Officials from the Halifax police saw Symington on television, and suspended him with pay from the force for participating in rescue efforts in New York without permission and while on leave. He was later given the opportunity to return to work, but declined under the existing work conditions. In 2005, Dr. Jane Goodall honored Symington and Trakr with an "Extraordinary Service to Humanity Award" for their efforts.

==In the news==
Trakr and his progeny have been profiled by media worldwide, including CNN, CBS Early Show, USA Today, Los Angeles Times, Dog World and many more. They were also featured as one of People magazine's top stories of 2009.

==Later years==
After leaving the force, Symington and Trakr moved to the Los Angeles, California area, where Symington took up acting. Symington appeared, often under the name Peter James, in a number of television soap operas including Days of Our Lives, General Hospital, The L Word, and The Young and the Restless, as well as working as a stunt double, fight coordinator, and small part film actor.
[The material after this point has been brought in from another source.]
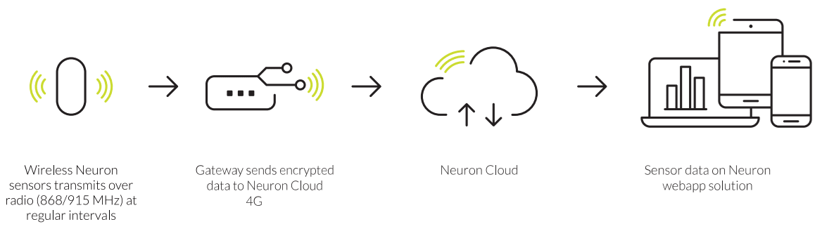 Neuron‑sensorene kommuniserer lokalt med Neuron Gateway. Denne enheten er bindeleddet mellom sensorene og skyen. Ved å kontrollere datatrafikken i begge retninger, samt bufre og forhåndsbehandle data, er gatewayen avgjørende for at Neuron‑systemet er enkelt og brukervennlig.
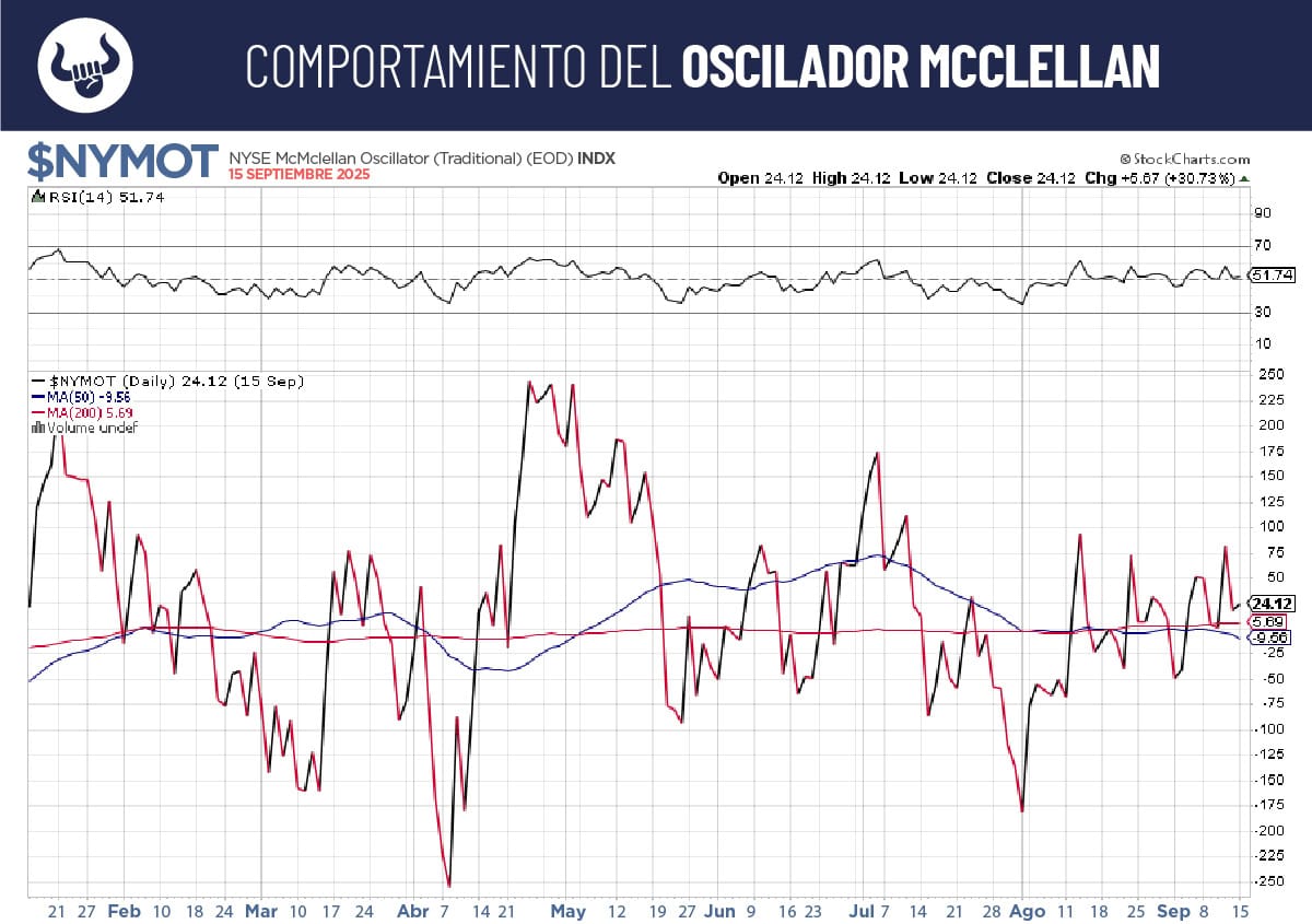 PARA NO PERDER DE VISTA El índice de inercia nos muestra un mercado en estado neutro, lo cual nos dice que inclusive estando en sobrecompra, si la Reserva Federal se muestra sin miedo a la economía, pero prudente al bajar la tasa, puede generar algún rally extra en las semanas venideras.

In his later years, Trakr suffered from degenerative myelopathy, a neurological disease, and lost use of his hind legs. Some experts attributed the condition to inhaling smoke at the World Trade Center site. Symington took Trakr to Pawspice, a California end-of-life organization that serves as the equivalent of a hospice for pets and an animal oncology consultation service. Pawspice outfitted Trakr with a cart so that he could power himself with his front legs.

Trakr died in April 2009.

==Cloning==
Shortly before Trakr's death, Symington entered "Best Friends Again" (also called the Golden Clone Giveaway), an essay contest sponsored by BioArts International, one of the world's largest biotech companies offering pet cloning, to find the world's most "clone-worthy" dog. Symington's essay was chosen out of a field of 200 others, impressing the company CEO with the story of Trakr's police dog abilities and the World Trade Center rescue.

BioArts sent samples of Trakr's DNA to South Korean veterinarian Hwang Woo-Suk and his laboratory, Sooam Biotech Research Foundation, which had performed the first-ever dog cloning in 2005. The cloning, performed in Yongin, Korea, involved inserting the DNA into five "surrogate" egg cells, each of which was implanted into a different female dog. In June 2009, five clone puppies, Trustt, Solace, Valor, Prodigy, and Deja Vu, were all delivered to Symington. At the time, BioArts was selling cloning services privately for $144,000 per puppy.

Some animal welfare groups, including the American Society for the Prevention of Cruelty to Animals, criticized or questioned the cloning effort over concerns that cloned animals may suffer health problems.

As of January 2011, the clones were being trained by Symington as search and rescue dogs.